● **What you will do**
Using only the entries below, output the lines starting at the one containing "Psicólogos (EVACOMPS; Cruz, 2022)" and ending at the one containing "With any Freedom", exactly and inclusive of both, omitting the pictures.

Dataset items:

━━━━━━

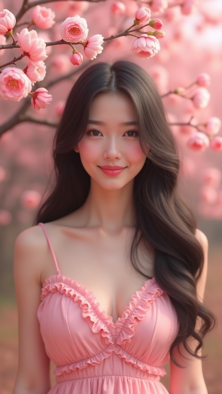 Prompt: A hyper-realistic, vibrant, vivid dress, texture, detailed, ((full-body front view, perspective)), show legs, photograph of a happy girl, in a blooming garden. She is has a (((very long))), black hair and expressive eyes, ensuring are perfectly round and centered, with black pupils for a natural and symmetrical appearance. Delicate a pink cherry petals fall down, circling around her, showcasing The image emphasizes her femininity with detailed muscle definition, rendered with advanced lighting, high-resolution details, and a cinematographic quality reminiscent of Mark Mann and Steve McCurry. The focus is sharp, with UHD 32K, HDR, and 64 megapixels, The background is clean and well-lit, highlighting her features without distractions. Octane render.
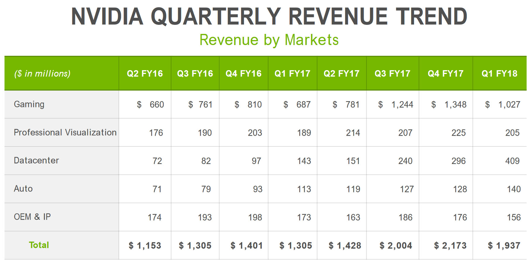 Что касается направлений бизнеса Nvidia, то здесь по-прежнему львиную долю (53%) выручки приносят продажи игровых видеокарт: за первый квартал их удалось продать на $1,027 млрд. Профессиональная графика принесла компании доход в размере $205 млн, продажи систем-на-чипе для «умных» автомобилей - $140 млн, а продукции для OEM-сегмента удалось реализовать на 156 миллионов долларов.
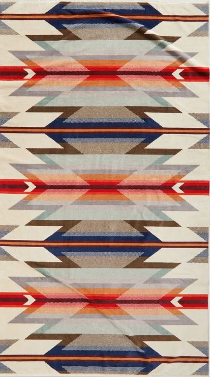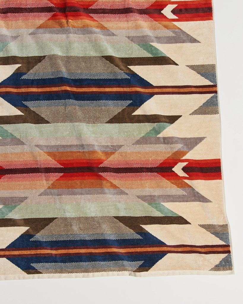 Supersized towel featuring exclusive Wyeth Trail pattern, woven of cotton velour in vivid colors that stay true, wash after wash. Sheared on one side for softness, looped on the other for superior absorption. A luxury you'll love for the beach, hot tub or pool.
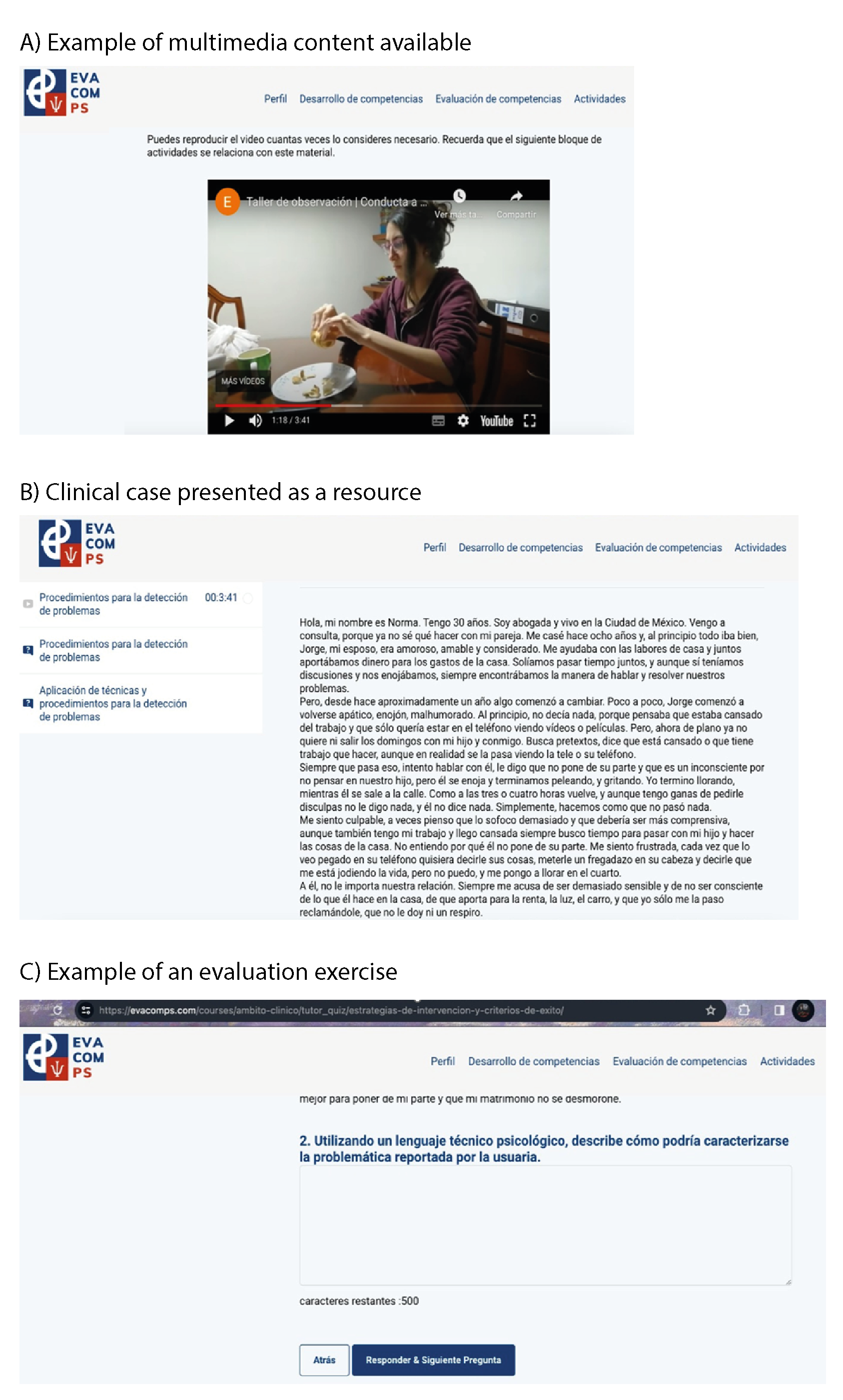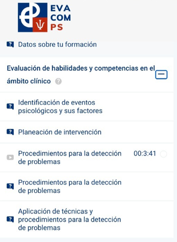 Psicólogos (EVACOMPS; Cruz, 2022) compuesto de veintiún ejercicios, organizados
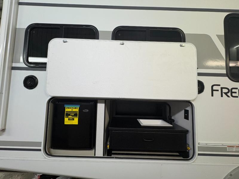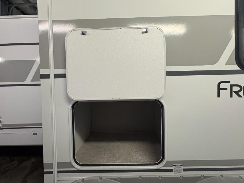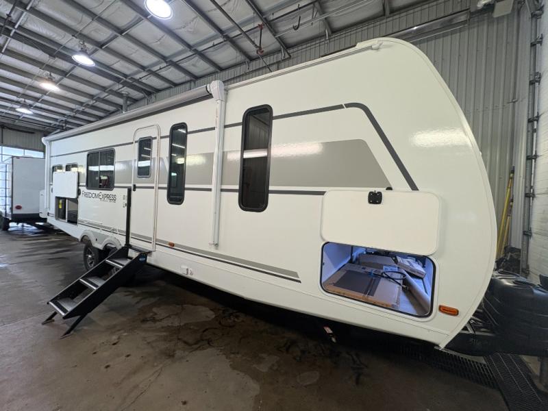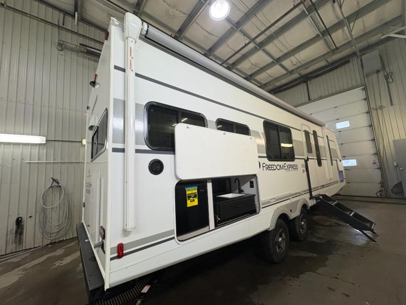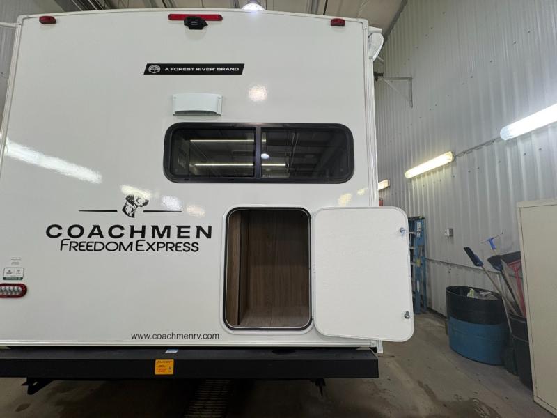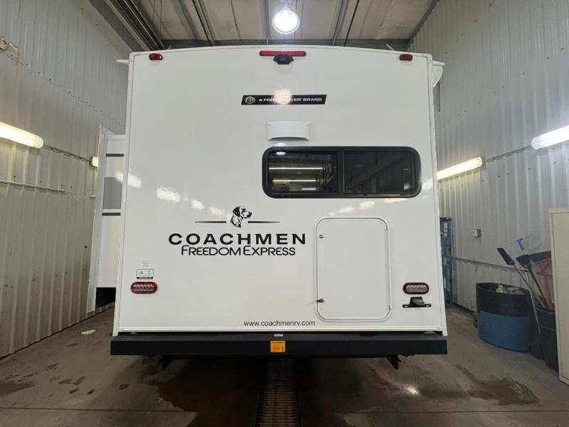 With any Freedom Express Ultra Lite travel trailer by Coachmen you will appreciate quality construction materials, such as vacuum bonded walls with Azdel composite, a 3/4 gel coated fiberglass cap with an automotive glass windshield, and a heated enclosed underbelly. Each model also features Tufflex PVC roofing, front rock guard, and E-Z Lube axles for smooth towing. Inside, you'll find kitchen backsplash, hidden hinge cabinetry, and wear-resistant vinyl flooring throughout. The power tongue jack included with the Ultra Lite Express Package will make set-up a breeze, and each model includes back-up camera prep and they are Freedom solar ready if you plan to go off-grid. Enjoy lightweight camping with a Freedom Express Ultra Lite travel trailer today!
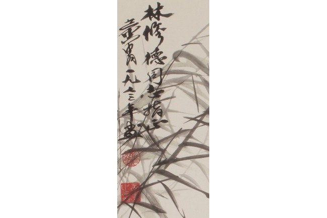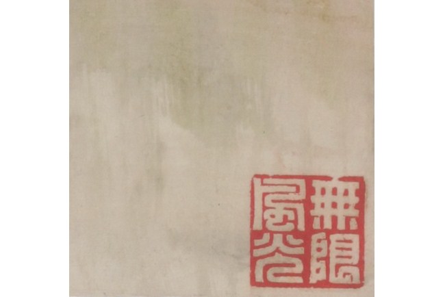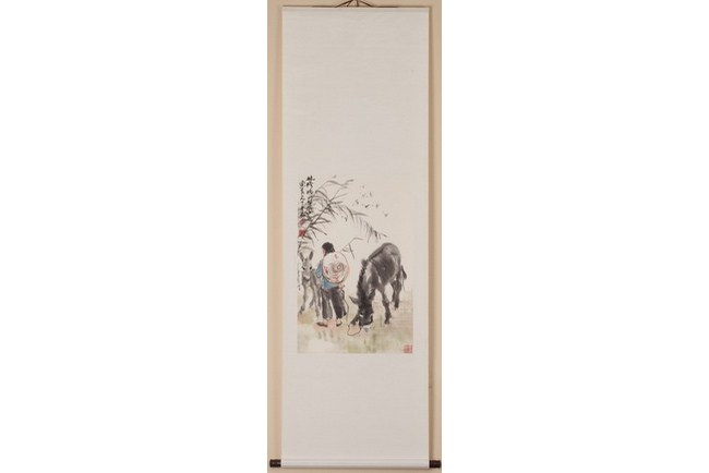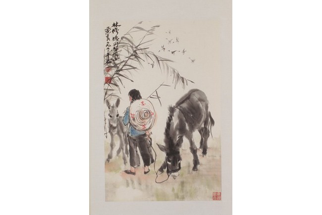 The painting depicts a young girl, carrying a leash of a donkey, tending another donkey in front of her. The leashed donkey is eating grass from the ground, while the other donkey is toward the girl. A flock of birds are flying in the sky. Artist signature and mark on the left side, attributed to "HUANG ZHOU".
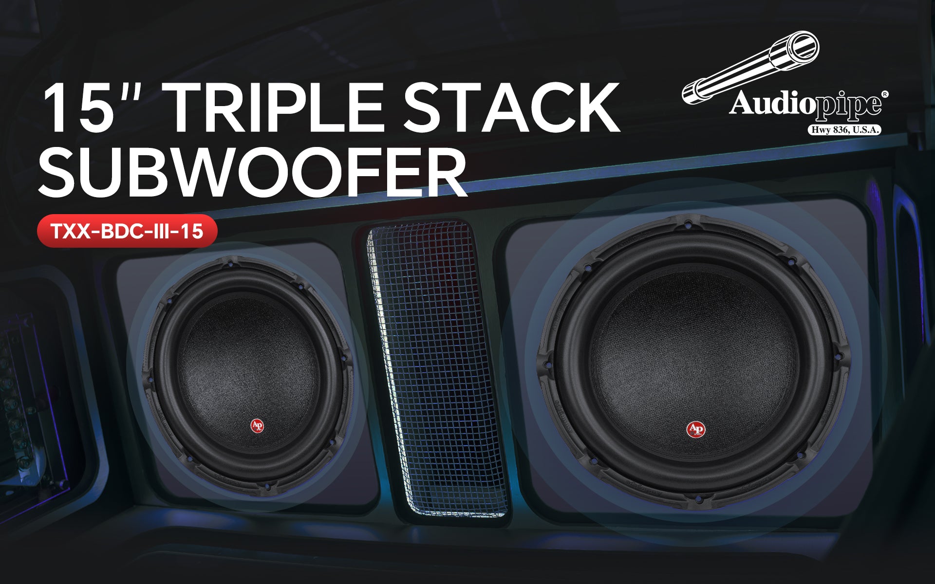 Audiopipe's Triple Stack Composite Cone Subwoofer was designed to add BIG power to your car audio system! We listened to our fans, and created this series to feature 2400 watts peak power, increased voice coil ventilation, and a Kevlar Fiber Composite Non-press Paper Cone with Texture finish for improved rigidity and performance. The newly designed powdered black paint aluminum basket with a composite glass fiber dust cap, and a newly refreshed and strongly constructed dust-proof heat sink were engineered to provide optimal sound quality and endurance. Additionally, the TXX-BDC-III-15's carefully designed and tooled reliable and convenient multi-connect terminals allow for maximum connection and reliability. Get ready for #LOUDANDCLEAR sound!
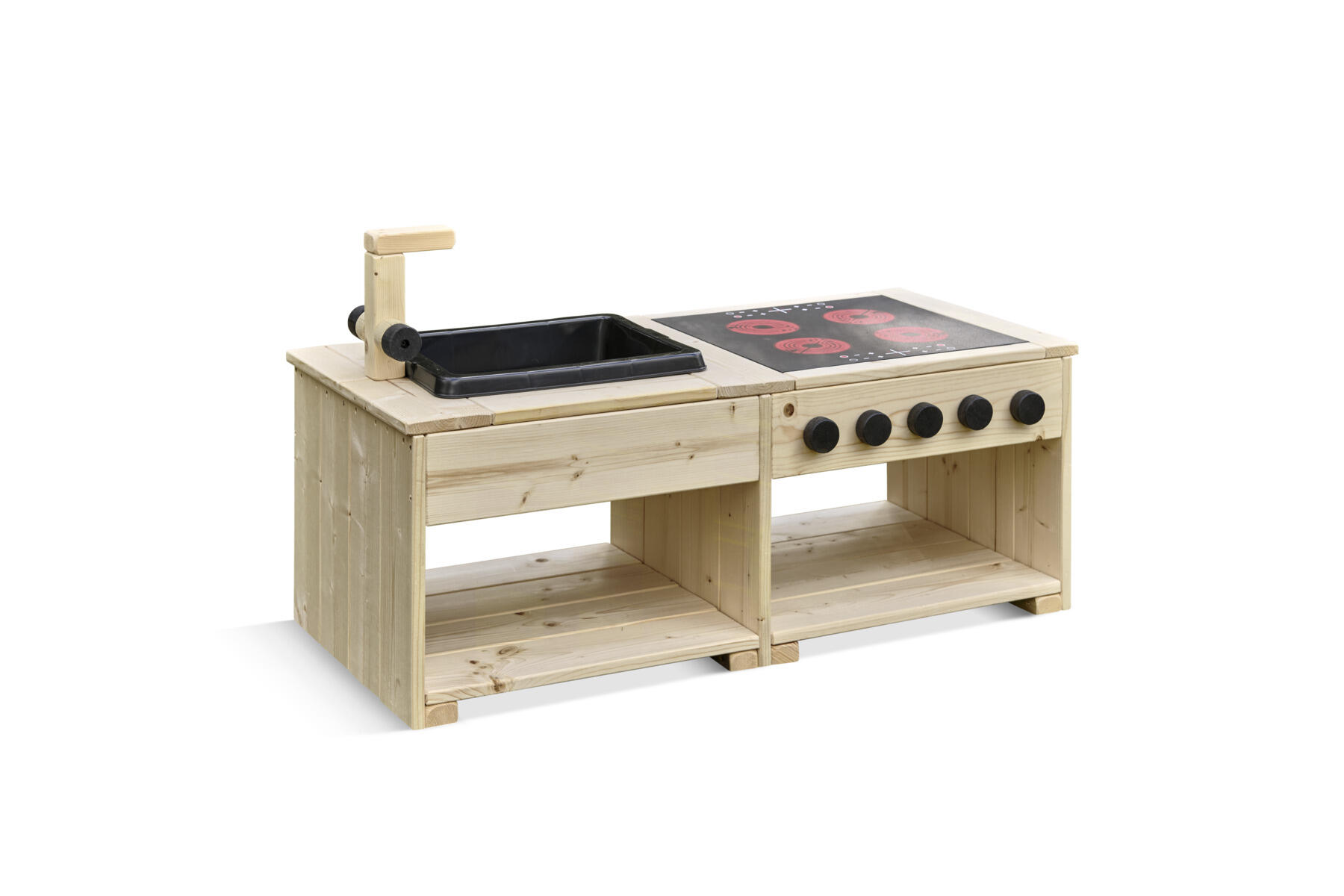 Detta robusta utekök skapar en inspirerande utemiljö för öppen och fantasifull rollek. Här uppmuntras barnen att utforska, blanda och experimentera med kladdig matlagning i sand och vatten. Köksön är utrustad med en rejäl spis med induktionsplatta och vridbara knappar samt en vask med kran. Barnanpassade arbetsytor och öppna hyllor gör det enkelt för barnen att nå material och hålla ordning. Den nedsänkta backen är lätt att lyfta ur för smidig rengöring. Av massiv furu med marknära delar i slitstarkt robiniaträ för förlängd livslängd på produkten. Köksön finns i både oljad och rötskyddsbehandlad variant. Levereras färdigmonterad

━━━━━━

● **Written solution**
 Psicólogos (EVACOMPS; Cruz, 2022) compuesto de veintiún ejercicios, organizados
 With any Freedom Express Ultra Lite travel trailer by Coachmen you will appreciate quality construction materials, such as vacuum bonded walls with Azdel composite, a 3/4 gel coated fiberglass cap with an automotive glass windshield, and a heated enclosed underbelly. Each model also features Tufflex PVC roofing, front rock guard, and E-Z Lube axles for smooth towing. Inside, you'll find kitchen backsplash, hidden hinge cabinetry, and wear-resistant vinyl flooring throughout. The power tongue jack included with the Ultra Lite Express Package will make set-up a breeze, and each model includes back-up camera prep and they are Freedom solar ready if you plan to go off-grid. Enjoy lightweight camping with a Freedom Express Ultra Lite travel trailer today!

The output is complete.